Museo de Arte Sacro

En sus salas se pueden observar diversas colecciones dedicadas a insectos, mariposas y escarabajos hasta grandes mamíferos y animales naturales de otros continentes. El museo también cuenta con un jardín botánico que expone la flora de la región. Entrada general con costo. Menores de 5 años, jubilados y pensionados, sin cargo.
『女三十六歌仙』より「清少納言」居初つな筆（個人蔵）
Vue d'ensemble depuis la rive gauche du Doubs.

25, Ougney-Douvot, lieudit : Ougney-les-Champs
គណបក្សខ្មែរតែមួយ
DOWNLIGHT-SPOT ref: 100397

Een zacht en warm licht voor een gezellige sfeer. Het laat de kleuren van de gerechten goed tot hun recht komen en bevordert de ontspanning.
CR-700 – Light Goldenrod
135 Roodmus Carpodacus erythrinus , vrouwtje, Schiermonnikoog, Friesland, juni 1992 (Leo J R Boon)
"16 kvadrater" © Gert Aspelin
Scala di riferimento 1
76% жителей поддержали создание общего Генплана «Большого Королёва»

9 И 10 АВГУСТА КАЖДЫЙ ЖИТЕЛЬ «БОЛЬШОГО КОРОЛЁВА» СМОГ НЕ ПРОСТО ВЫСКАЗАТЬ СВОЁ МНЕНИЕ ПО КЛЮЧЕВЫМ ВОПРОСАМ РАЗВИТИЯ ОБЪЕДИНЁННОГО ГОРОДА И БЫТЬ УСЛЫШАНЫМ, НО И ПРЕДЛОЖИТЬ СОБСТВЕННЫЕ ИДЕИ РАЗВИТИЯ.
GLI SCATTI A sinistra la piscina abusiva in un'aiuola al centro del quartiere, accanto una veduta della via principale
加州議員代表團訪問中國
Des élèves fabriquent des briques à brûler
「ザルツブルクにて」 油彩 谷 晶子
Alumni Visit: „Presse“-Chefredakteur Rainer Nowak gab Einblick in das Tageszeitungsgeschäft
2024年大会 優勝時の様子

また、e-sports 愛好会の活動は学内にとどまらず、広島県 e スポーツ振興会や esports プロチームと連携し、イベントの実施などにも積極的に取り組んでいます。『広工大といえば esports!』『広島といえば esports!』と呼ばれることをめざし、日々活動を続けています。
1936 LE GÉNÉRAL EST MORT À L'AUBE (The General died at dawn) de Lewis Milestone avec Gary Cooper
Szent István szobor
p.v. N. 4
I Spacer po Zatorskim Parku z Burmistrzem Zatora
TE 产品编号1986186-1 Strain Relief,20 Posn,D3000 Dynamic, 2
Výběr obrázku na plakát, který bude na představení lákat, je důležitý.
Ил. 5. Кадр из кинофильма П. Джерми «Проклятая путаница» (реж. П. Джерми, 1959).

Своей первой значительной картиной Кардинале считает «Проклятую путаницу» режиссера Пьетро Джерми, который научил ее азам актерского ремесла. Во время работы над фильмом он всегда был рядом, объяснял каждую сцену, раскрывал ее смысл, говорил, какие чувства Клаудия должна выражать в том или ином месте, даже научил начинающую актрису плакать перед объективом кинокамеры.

· · · · · · ·

Restate, word for word, the listing above from its first line through the line that contains "また、e-sports 愛好会の活動は学内にとどまらず、広島県 e", keeping both of those lines.

Museo de Arte Sacro

En sus salas se pueden observar diversas colecciones dedicadas a insectos, mariposas y escarabajos hasta grandes mamíferos y animales naturales de otros continentes. El museo también cuenta con un jardín botánico que expone la flora de la región. Entrada general con costo. Menores de 5 años, jubilados y pensionados, sin cargo.
『女三十六歌仙』より「清少納言」居初つな筆（個人蔵）
Vue d'ensemble depuis la rive gauche du Doubs.

25, Ougney-Douvot, lieudit : Ougney-les-Champs
គណបក្សខ្មែរតែមួយ
DOWNLIGHT-SPOT ref: 100397

Een zacht en warm licht voor een gezellige sfeer. Het laat de kleuren van de gerechten goed tot hun recht komen en bevordert de ontspanning.
CR-700 – Light Goldenrod
135 Roodmus Carpodacus erythrinus , vrouwtje, Schiermonnikoog, Friesland, juni 1992 (Leo J R Boon)
"16 kvadrater" © Gert Aspelin
Scala di riferimento 1
76% жителей поддержали создание общего Генплана «Большого Королёва»

9 И 10 АВГУСТА КАЖДЫЙ ЖИТЕЛЬ «БОЛЬШОГО КОРОЛЁВА» СМОГ НЕ ПРОСТО ВЫСКАЗАТЬ СВОЁ МНЕНИЕ ПО КЛЮЧЕВЫМ ВОПРОСАМ РАЗВИТИЯ ОБЪЕДИНЁННОГО ГОРОДА И БЫТЬ УСЛЫШАНЫМ, НО И ПРЕДЛОЖИТЬ СОБСТВЕННЫЕ ИДЕИ РАЗВИТИЯ.
GLI SCATTI A sinistra la piscina abusiva in un'aiuola al centro del quartiere, accanto una veduta della via principale
加州議員代表團訪問中國
Des élèves fabriquent des briques à brûler
「ザルツブルクにて」 油彩 谷 晶子
Alumni Visit: „Presse“-Chefredakteur Rainer Nowak gab Einblick in das Tageszeitungsgeschäft
2024年大会 優勝時の様子

また、e-sports 愛好会の活動は学内にとどまらず、広島県 e スポーツ振興会や esports プロチームと連携し、イベントの実施などにも積極的に取り組んでいます。『広工大といえば esports!』『広島といえば esports!』と呼ばれることをめざし、日々活動を続けています。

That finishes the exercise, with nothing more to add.